Hemp, which has recently been legalized for commercial production, is expected to be a big factor in Ventura County’s agricultural industry.
Juan Carlo, VC Star
Hemp cultivation has become the subject of fierce debate within the city of Camarillo, one where the tension is so palpable you can almost feel it — or at least smell it.
Earlier in the month, the City Council voted against an interim urgency moratorium on the cultivation of industrial hemp within city limits. However, the topic continued to be a subject of debate, and the issue was added to the City Council agenda as a general item.
For 2½ hours Wednesday night, local leaders learned about hemp cultivation, heard comments from the public and discussed how to move forward.
David Moe, assistant director of community development, led a presentation overview on the topic. The presentation offered ideas of how the city could introduce hemp into the local economy as well as ways to regulate it, such as introducing buffer zones that would prohibit hemp cultivation within a certain radius.

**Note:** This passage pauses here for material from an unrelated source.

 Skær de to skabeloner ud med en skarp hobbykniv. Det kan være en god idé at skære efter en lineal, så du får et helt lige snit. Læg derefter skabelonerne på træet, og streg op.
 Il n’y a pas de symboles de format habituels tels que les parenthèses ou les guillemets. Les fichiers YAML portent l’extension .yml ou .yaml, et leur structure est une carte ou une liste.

The presentation also included a map taken from Google Earth satellite imagery that outlined the spread and number of nearby hemp fields. Only one field, measuring 18 acres, was within Camarillo city limits and thus under the jurisdiction of the Camarillo City Council. The rest are in unincorporated areas.

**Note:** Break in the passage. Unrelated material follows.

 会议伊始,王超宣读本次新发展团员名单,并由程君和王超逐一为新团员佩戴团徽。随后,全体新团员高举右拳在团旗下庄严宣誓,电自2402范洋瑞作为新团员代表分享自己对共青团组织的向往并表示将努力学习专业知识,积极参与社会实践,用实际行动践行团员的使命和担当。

Members of the public share their thoughtsBuy Photo
Martin Mota clears grass between rows of industrial hemp plants at McGrath Family Farms in Camarillo. (Photo: JUAN CARLO/THE STAR)
Nearly a dozen members of the public spoke during the meeting, many sharing negative feelings about the smell that hemp has caused in the area.
“The odor doesn’t go away. It goes inside your home, and it’s really obnoxious,” said Camarillo resident Alfredo Melendez.
Councilwoman Charlotte Craven echoed the sentiment, saying she had personally received many complaints about the issue.
“I think we have a big problem, and that problem is odor of ripe industrial hemp,” she said.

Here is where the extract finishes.